Start of Raw data

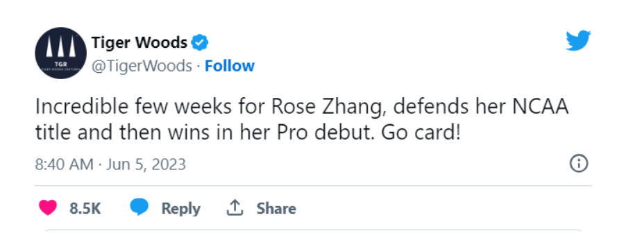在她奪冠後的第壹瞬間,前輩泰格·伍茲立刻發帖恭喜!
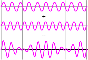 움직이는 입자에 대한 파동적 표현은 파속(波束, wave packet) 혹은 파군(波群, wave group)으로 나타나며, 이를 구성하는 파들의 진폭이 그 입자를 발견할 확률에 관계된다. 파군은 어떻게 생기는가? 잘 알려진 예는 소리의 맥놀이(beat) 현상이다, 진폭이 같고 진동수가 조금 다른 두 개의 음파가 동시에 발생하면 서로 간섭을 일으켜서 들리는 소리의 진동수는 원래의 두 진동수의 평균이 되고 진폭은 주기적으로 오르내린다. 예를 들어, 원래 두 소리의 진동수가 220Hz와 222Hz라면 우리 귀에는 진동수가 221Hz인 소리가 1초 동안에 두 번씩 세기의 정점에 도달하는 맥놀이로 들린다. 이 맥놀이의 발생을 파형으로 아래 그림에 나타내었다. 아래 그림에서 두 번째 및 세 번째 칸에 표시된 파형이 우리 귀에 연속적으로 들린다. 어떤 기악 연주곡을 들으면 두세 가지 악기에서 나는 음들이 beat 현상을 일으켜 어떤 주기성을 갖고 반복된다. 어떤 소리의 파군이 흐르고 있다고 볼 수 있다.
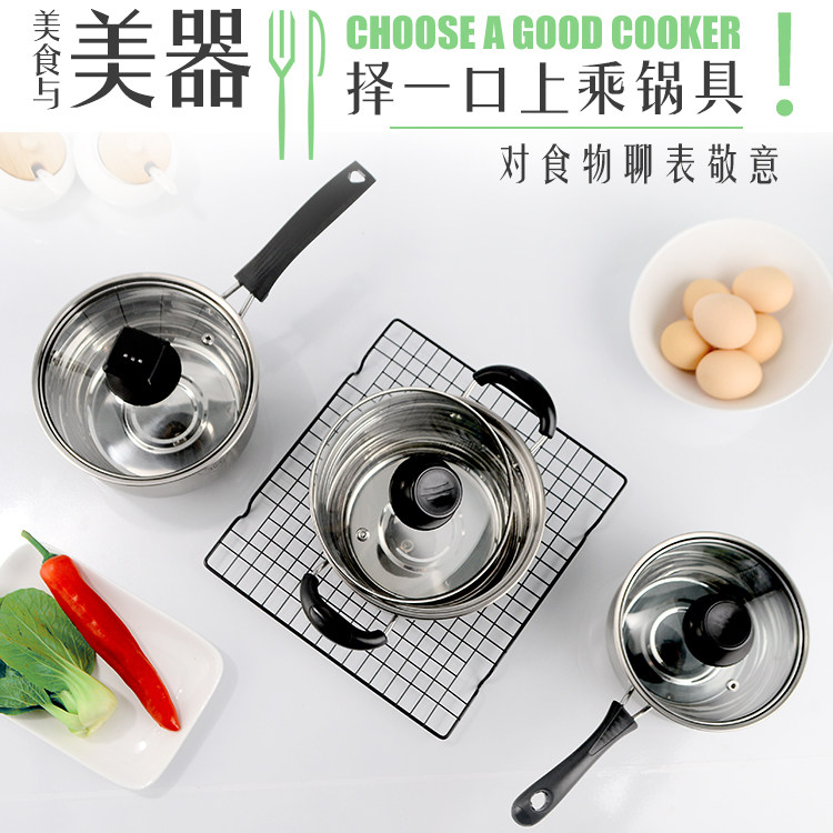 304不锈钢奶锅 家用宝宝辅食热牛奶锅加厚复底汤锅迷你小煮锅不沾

End of Raw data

> [Task item]
The whole of the data needs to be copied word for word, though not its pictures.

> [Solution to the exercise]
在她奪冠後的第壹瞬間,前輩泰格·伍茲立刻發帖恭喜!
 움직이는 입자에 대한 파동적 표현은 파속(波束, wave packet) 혹은 파군(波群, wave group)으로 나타나며, 이를 구성하는 파들의 진폭이 그 입자를 발견할 확률에 관계된다. 파군은 어떻게 생기는가? 잘 알려진 예는 소리의 맥놀이(beat) 현상이다, 진폭이 같고 진동수가 조금 다른 두 개의 음파가 동시에 발생하면 서로 간섭을 일으켜서 들리는 소리의 진동수는 원래의 두 진동수의 평균이 되고 진폭은 주기적으로 오르내린다. 예를 들어, 원래 두 소리의 진동수가 220Hz와 222Hz라면 우리 귀에는 진동수가 221Hz인 소리가 1초 동안에 두 번씩 세기의 정점에 도달하는 맥놀이로 들린다. 이 맥놀이의 발생을 파형으로 아래 그림에 나타내었다. 아래 그림에서 두 번째 및 세 번째 칸에 표시된 파형이 우리 귀에 연속적으로 들린다. 어떤 기악 연주곡을 들으면 두세 가지 악기에서 나는 음들이 beat 현상을 일으켜 어떤 주기성을 갖고 반복된다. 어떤 소리의 파군이 흐르고 있다고 볼 수 있다.
 304不锈钢奶锅 家用宝宝辅食热牛奶锅加厚复底汤锅迷你小煮锅不沾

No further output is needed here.